The common areas in Jenna’s apartment are regularly sprayed with vinegar, while a friend’s complex is doused with bleach.
Public transport is kept to a minimum. I have The Uber equivalent has stopped and there are few taxis. If you manage to get a taxi and stop it, you’ll need to show your passport. All details are recorded, including the location where they picked you up and dropped you off.
In Wuhan, of course, things have reached a different level, almost everything is closed. Bibby, a Chinese local, says people shouldn’t go out unless it’s an absolute emergency. “Supermarkets are open for a limited time from 10 a.m. to 6 p.m. Meat and vegetables are the most difficult to buy and are always the first thing to go out.”
Face masks, which were usually just an accessory for foreigners who protect themselves from heavy pollution, are now mandatory or are subject to a heavy fine.
The hotel’s general manager, Peter, in Shenzhen, in the far southwest of China, had just passed the Hong Kong border crossing after evacuating his teenage daughter when he sent me a message. “It’s unknown, but almost nobody is on immigration and everyone who goes through has to fill out a health declaration.”
He has 400 hotel employees who are expected to return from various provinces in China after the Chinese New Year and rents rooms to quarantine them.
In the meantime, thousands of medical professionals in Hong Kong have gone on strike and have asked the city government to close all borders with mainland China to prevent the spread of the virus they call WARS.
Many foreigners have decided to leave the city, which has been plagued by protests for democracy for months, not to mention the SARS epidemic of 2003, which continues to weigh heavily on the city. Hong Kong’s Mona said at the time that everyone worked together to fight the disease, but 2020 is very different. “We have asked the government to close the borders as soon as possible, but they are not listening.”
“Since no planning is planned, the supply of masks is extremely scarce and people have to wait four to five hours to buy just a box of masks. Some stores sell them for HKD 900 ($ 115).
Infectious disease experts in Hong Kong are calling on the government to take “draconian” measures. It is estimated that up to 44,000 people could be infected in Wuhan, a number that is well above the official numbers.
Under the uncertainty, it is believed that the epidemic could peak in late April or early May.

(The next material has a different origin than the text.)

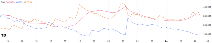 Le graphique DMI de Pi Network montre que son ADX a grimpé à 34,99 contre une valeur de 25,1 il y a seulement un jour. Ainsi, la tendance actuelle (baissière) s’est renforcée. LADX, ou Average Directional Index, mesure l’intensité d’une tendance sans en indiquer sa direction.
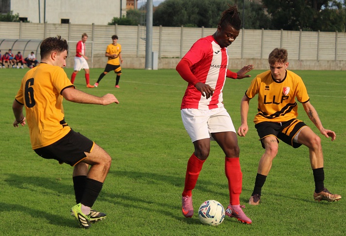 Nel momento cruciale della partita, un episodio clamoroso ha fatto pendere l’ago della bilancia per i bianco- rossi ospiti con un intervento scomposto del portiere Rossi al minuto 44’ sull’attaccante Fall con un atterramento da rigore, ma l’arbitro inverte la punizione tra lo stupore di tutti. Per il resto è tanto Trissino, possesso, gioco, tanti calci d’angolo sintomo di un predominio territoriale lampante.

This article by Well, women explains why, despite the risk, so many expats still choose to stay in China.
For them, whether or not on the ground pig day, it’s still at home and in many cases probably safer than traveling.
Nicole Webb is a Sydney journalist, writer and speaker who has spent seven years in China. Her debut memoir “China Blonde” will be released in mid-2020.
In Mint Mocha Musings you will find many fascinating, humorous and uplifting stories from your previous life as an expat in Asia.